IEA report sees renewable power increasingly cost-competitive with new fossil-fuel generation, but agency warns against complacency
Power generation from hydro, wind, solar and other renewable sources worldwide will exceed that from gas and be twice that from nuclear by 2016, the International Energy Agency (IEA) said in its second annual Medium-Term Renewable Energy Market Report (MTRMR).
According to the MTRMR, despite a difficult economic context, renewable power is expected to increase by 40% in the next five years. Renewables are now the fastest-growing power generation sector and will make up almost a quarter of the global power mix by 2018, up from an estimated 20% in 2011. The share of non-hydro sources such as wind, solar, bioenergy and geothermal in total power generation will double, reaching 8% by 2018, up from 4% in 2011 and just 2% in 2006.
“As their costs continue to fall, renewable power sources are increasingly standing on their own merits versus new fossil-fuel generation,” said IEA Executive Director Maria van der Hoeven as she presented the report at the Renewable Energy Finance Forum in New York.
Even as the role of renewables increases across all sectors, the MTRMR cautions that renewable development is becoming more complex and faces challenges – especially in the policy arena. In several European countries with stagnating economies and energy demand, debate about the costs of renewable support policies is mounting.

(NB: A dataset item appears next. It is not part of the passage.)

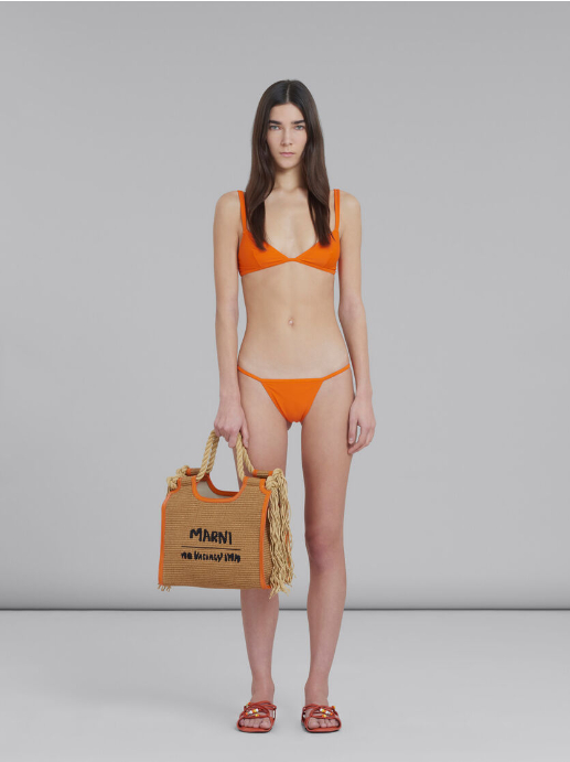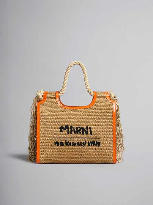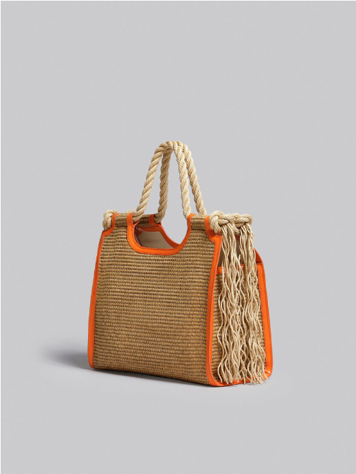 경쾌한 오렌지 컬러가 포인트 된 라피아 소재의 토트백. 트와이스 지효는 베이지 컬러 롱 셔츠에 화이트 팬츠와 함께 매치해 시우너하면서도 멋스러운 섬머룩을 연출했다. 밧줄 모양으로 되어있는 손잡이가 캐주얼하면서도 자유로운 무드를 담아내기도.

The forecasts in the report build on the impressive growth registered in 2012, when global renewable generation rose by over 8% despite a challenging investment, policy and industry context in some areas. In absolute terms, global renewable generation in 2012 – at 4 860 TWh – exceeded the total estimated electricity consumption of China.

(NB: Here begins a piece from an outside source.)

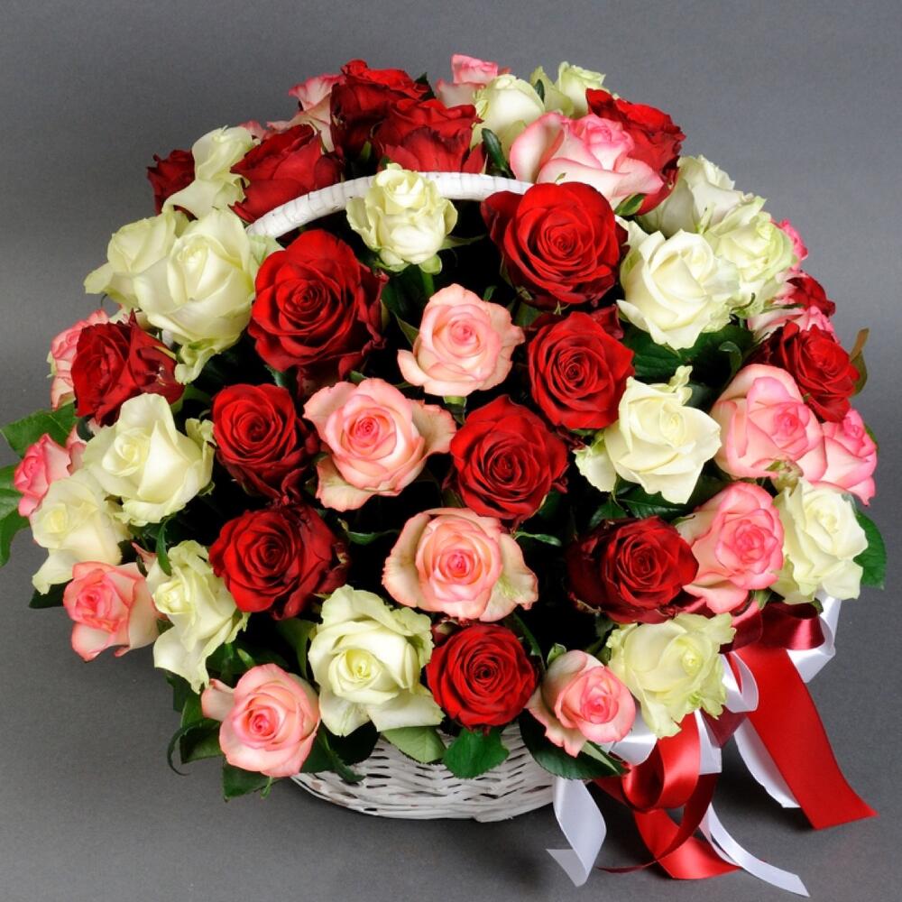 розы микс – 45 шт.Корзина плетеная – 1 шт.Оазис флористический – 2 шт.работа флориста – 1 шт.

Two main factors are driving the positive outlook for renewable power generation. First, investment and deployment are accelerating in emerging markets, where renewables help to address fast-rising electricity demand, energy diversification needs and local pollution concerns while contributing to climate change mitigation. Led by China, non-OECD countries are expected to account for two-thirds of the global increase in renewable power generation between now and 2018. Such rapid deployment is expected to more than compensate for slower growth and smooth out volatility in other areas, notably Europe and the US.

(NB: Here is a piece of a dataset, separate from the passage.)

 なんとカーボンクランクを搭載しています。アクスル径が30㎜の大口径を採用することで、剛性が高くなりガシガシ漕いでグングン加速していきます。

Second, in addition to the well-established competitiveness of hydropower, geothermal and bioenergy, renewables are becoming cost-competitive in a wider set of circumstances. For example, wind competes well with new fossil-fuel power plants in several markets, including Brazil, Turkey and New Zealand. Solar is attractive in markets with high peak prices for electricity, for instance, those resulting from oil-fired generation. Decentralised solar photovoltaic generation costs can be lower than retail electricity prices in a number of countries.